Harro Schulze-Boysen

Harro Schulze-Boysen
Harro Schulze-Boysen at his work desk
Born
Heinz Harro Max Wilhelm Georg Schulze

(1909-09-02)2 September 1909
Died22 December 1942(1942-12-22) (aged 33)
NationalityGerman
CitizenshipGerman
Occupation(s)Publicist and later Luftwaffe officer
MovementMember of the Red Orchestra ("Rote Kapelle")
SpouseLibertas Haas-Heye

Heinz Harro Max Wilhelm Georg Schulze-Boysen (German: [ˈha.ʁoː ˈʃʊl.t͡sə ˈbɔɪ̯sn̩] ; Schulze, 2 September 1909 – 22 December 1942) was a left-wing German publicist and Luftwaffe officer during World War II. As a young man, Schulze-Boysen grew up in prosperous family with two siblings, with an extended family who were aristocrats. After spending his early schooling at the Heinrich-von-Kleist Gymnasium and his summers in Sweden, he part completed a political science course at the University of Freiburg, before moving to Berlin in November 1929, to study law at the Humboldt University of Berlin. At Humboldt he became an anti-Nazi. After a visit to France in 1931, he moved to the political left. When he returned, he became a publicist on Der Gegner (English: "The Opponent"), a left-leaning political magazine. In May 1932, he took control of the magazine, but it was closed by the Gestapo in February 1933.

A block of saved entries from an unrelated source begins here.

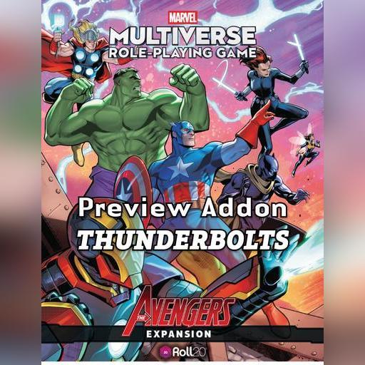 Avengers, assemble! Thunderbolts is a one-shot adventure preview of The Marvel Multiverse Role-Playing Game: Avengers Expansion, the next major tabletop expansion for the Marvel Multiverse Role-Playing Game, featuring all-new playable locations, characters, and legendary equipment to create an adventure unlike any other.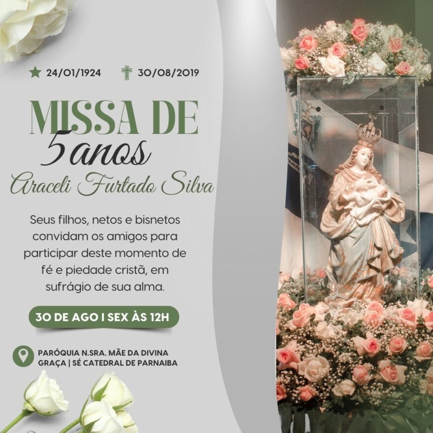 Missa de 5 anos:Araceli Furtado Silva Posted by Bernardo Silva on 28 de agosto de 2024 in Cidade Cidade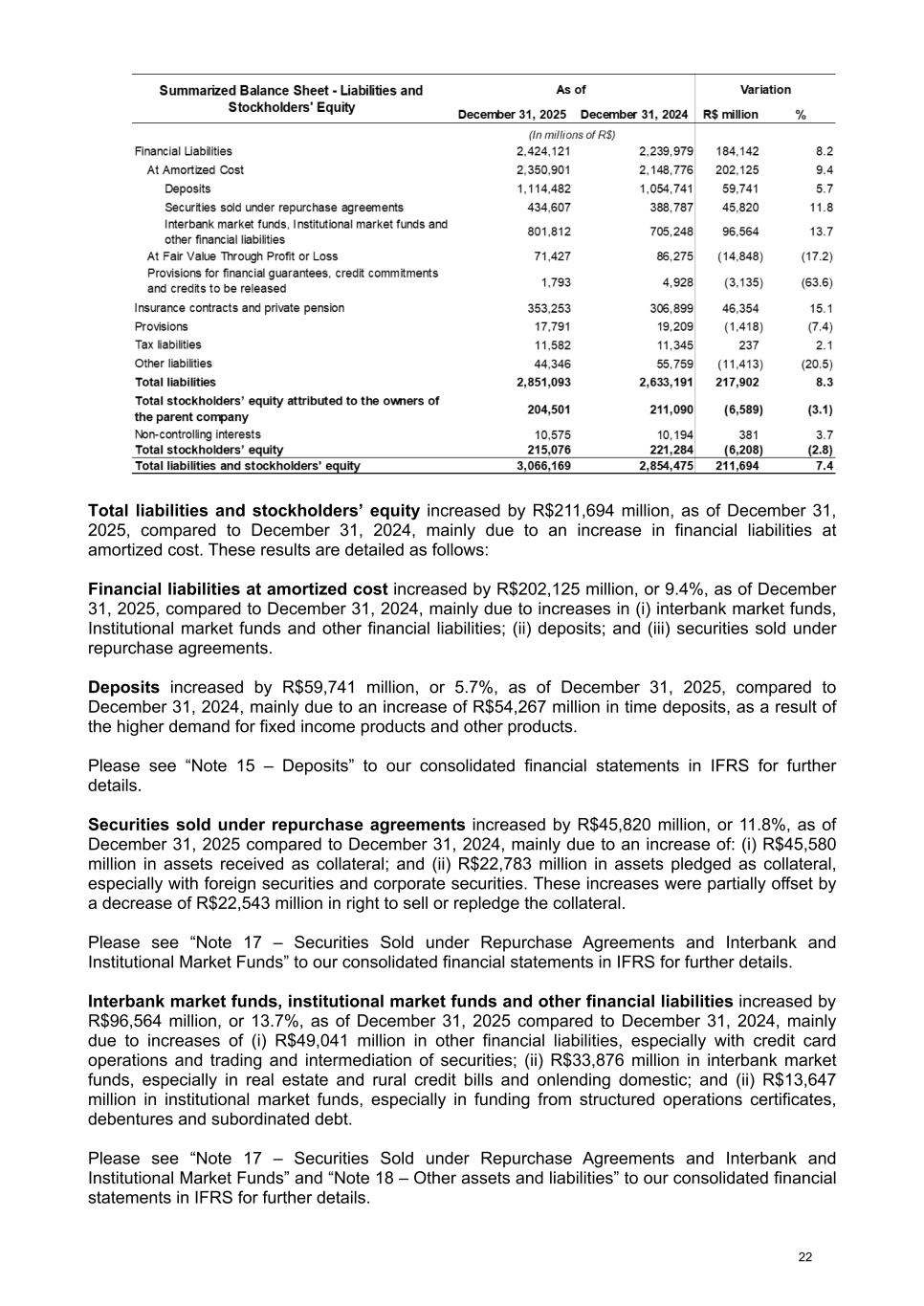Total liabilities and stockholders’ equity increased by R$211,694 million, as of December 31, 2025, compared to December 31, 2024, mainly due to an increase in financial liabilities at amortized cost. These results are detailed as follows: Financial liabilities at amortized cost increased by R$202,125 million, or 9.4%, as of December 31, 2025, compared to December 31, 2024, mainly due to increases in (i) interbank market funds, Institutional market funds and other financial liabilities; (ii) deposits; and (iii) securities sold under repurchase agreements. Deposits increased by R$59,741 million, or 5.7%, as of December 31, 2025, compared to December 31, 2024, mainly due to an increase of R$54,267 million in time deposits, as a result of the higher demand for fixed income products and other products. Please see “Note 15 – Deposits” to our consolidated financial statements in IFRS for further details. Securities sold under repurchase agreements increased by R$45,820 million, or 11.8%, as of December 31, 2025 compared to December 31, 2024, mainly due to an increase of: (i) R$45,580 million in assets received as collateral; and (ii) R$22,783 million in assets pledged as collateral, especially with foreign securities and corporate securities. These increases were partially offset by a decrease of R$22,543 million in right to sell or repledge the collateral. Please see “Note 17 – Securities Sold under Repurchase Agreements and Interbank and Institutional Market Funds” to our consolidated financial statements in IFRS for further details. Interbank market funds, institutional market funds and other financial liabilities increased by R$96,564 million, or 13.7%, as of December 31, 2025 compared to December 31, 2024, mainly due to increases of (i) R$49,041 million in other financial liabilities, especially with credit card operations and trading and intermediation of securities; (ii) R$33,876 million in interbank market funds, especially in real estate and rural credit bills and onlending domestic; and (ii) R$13,647 million in institutional market funds, especially in funding from structured operations certificates, debentures and subordinated debt. Please see “Note 17 – Securities Sold under Repurchase Agreements and Interbank and Institutional Market Funds” and “Note 18 – Other assets and liabilities” to our consolidated financial statements in IFRS for further details. 22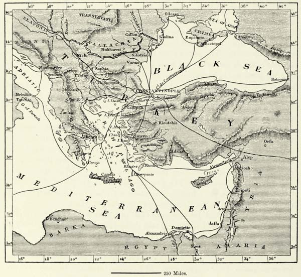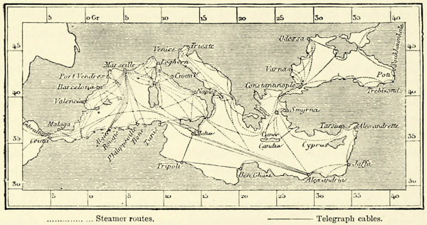 It is a remarkable fact that each of the European peninsulas should have enjoyed in turn a period of commercial preponderance. Greece, the “most noble individuality of the world of the ancients,” came first, and when at the height of her power governed the Mediterranean, which at that time meant nearly the whole universe. During the Middle Ages Amalfi, Genoa, and Venice became the commercial agents between Europe and the Indies. The discovery of a passage round the Cape and of America diverted the world’s commerce to Cadiz, Seville, and Lisbon, on the Iberian peninsula. Subsequently the merchants of the small Dutch Republic seized a portion of the heritage of Spain and Portugal, and the wealth of the entire world was floated into the harbours of their sea-bound islands and peninsulas. In our own days Great Britain, thanks to its favourable geographical position, in the very centre of great continental masses, and the energy of its people, has become the great mart of the world. London, the most populous city of the world, is also the great centre of attraction for the treasures of mankind; but there can be no doubt that sooner or later it will be supplanted, in consequence of the opening of new commercial high-roads, and changes in the political preponderance of nations. Perhaps some city of the United States will take the place of London in a future age, and thus the American belief in the westward march of civilisation will be verified; or we may possibly return to the East, and convert Constantinople or Cairo into the world’s emporium and centre of intercourse.

In May 1933, Schulze-Boysen trained as a pilot and started working in Ministry of Aviation. In the summer of 1934, he met the aristocrat Libertas Haas-Heye and married her in July 1936. The couple held regular dinner parties and evening-picnics that became formal meetings where many people from different stratas of society met and who were confessed anti-Nazis. By 1936, their house in Charlottenburg had become a popular meeting place and by 1937 the group began to resist. During the Spanish Civil War, Schulze-Boysen began collecting details of the Wehrmacht's involvement in the war from the ministry. He arranged for the documents to be passed to Soviet embassy by Gisela von Pöllnitz. As he was promoted in the Ministry, Schulze-Boysen collected information that he used to write savage indictments of the Nazi plans. Their first leaflet was "Der Stoßtrupp" ("The Shock Troop") that criticised the plan for the invasion of Sudetenland. At the time, the documents were taken abroad.

At the beginning of the war, Schulze-Boysen met Arvid Harnack who was the leader of another political faction and they started to work together. As the war progressed their combined undercover political faction, developed from a resistance organisation into an espionage networks from a small cadre of close friends, that began to collaborate with Soviet intelligence.[1] The espionage network, led by Schulze-Boysen lasted slightly longer than a year, from just before June 1941 to August 1942[1] before a blunder by Soviet intelligence exposed their names and addresses to the German Funkabwehr, which resulted in the arrest of many members of the group, including Schulze-Boysen who was arrested on 31 August 1942 and executed later the same year.[2]